A long-time Soldotna teacher, Lucretia Mae Carter, who passed away on May 20, 2015, is being honored with a display of her own doing at the Joyce K. Carver Memorial Library.
The second grade instructor called Soldotna her home until the last two years of her life.
She managed an accomplished career that she documented in various ways, including preserving the signatures of every student she taught between 1966 and 1985 on plastic dishes called the “Small Fry Plates,” a collection that is now in the possession of the Soldotna Historical Society.
“When you see it, you will like it,” said Barb Jewell, historical society treasurer.
The local organization was given the series, and plans to find other venues to house and display the plates once they leave the library.
“We are just preserving history instead of throwing it away,” Jewell said. “I wouldn’t be surprised if we had display in a couple of years from now, and keep reinventing it or re-displaying it.”
While Carter never married or had children, she did leave a network of close friends in the area.
She returned to Oklahoma where her sister cared for her the last 2.5 years of her life, when she had developed dementia, said Joyce Chesney, who knew Carter since roughly 1967.
Chesney laughed when remembering her close friend, whom she said “was a very unique person.”
“She was incredibly intelligent and she had a lot of unusual interests that women didn’t have for her generation,” Chesney said. “I didn’t know a whole lot about her teaching but within the church she was incredibly generous and committed. She gave a lot of money for a lot of different things that our church supported…she was very meticulous about everything she did.”
Chesney said once Carter gave her own plate, which had preserved a drawing of her husband hunting in an airboat, which Chesney later melted in the microwave.

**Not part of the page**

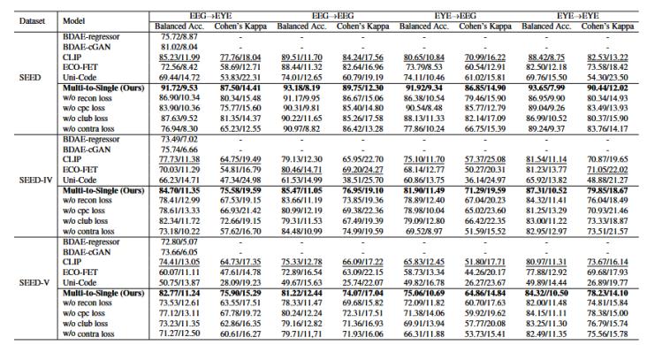表1 在 SEED、SEED-IV 和 SEED-V 數(shù)據(jù)集上,跨模態(tài)和單模態(tài)下的被試內(nèi)(subject-dependent)準(zhǔn)確率(%)和 Kappa 分?jǐn)?shù)(%)。其中,“EEG → EYE” 表示使用 EEG 數(shù)據(jù)進(jìn)行微調(diào),并使用 EYE數(shù)據(jù)進(jìn)行測試。

She never told Carter of the mishap.
Carter also had a private pilots license, and her blue and white Cessna 172, could often be seen going in and out of the Soldotna airport in the 1980s and 1990s, said another long-time friend Allen Parker. He met Carter in the Lower 48 in the early 1980s just at the end of her teaching career, and right when she began her Masters of Science in aerospace education.
Parker said Carter also sport fished and hunted. He said Carter was well known for the time she shot a moose and brought it back before she had to head to school. She almost caught a record silver salmon, and was a founding member of the Nikiski Nazarene Church.
She became Parker and his wife Oudia’s neighbor after helping them secure the plot next to her home, which Parker said was the first trailer to ever be dragged up the Alaskan Highway.
Carter was also an accomplished seamstress and taught in Australia for a time, said friend and fellow teacher Katie McCloud.
To many of her friends, the plates were a surprise.
Parker and Chesney don’t remember hearing Carter talk about the project, but were glad to hear it had found a good home.
Soldotna Librarian Rachel Nash said the collection showcases the community culture.
“I think it enriches peoples lives,” Nash said. “And one vision of the library is to connect people and this connects us to our past.”
Nash also said she is trying to develop stronger partnerships with other local organizations and this is the first collaboration the library has done with the historical society. She said the plates represent a great part of the community.
“I think it is awesome she (Carter) kept going for that many years,” Nash said.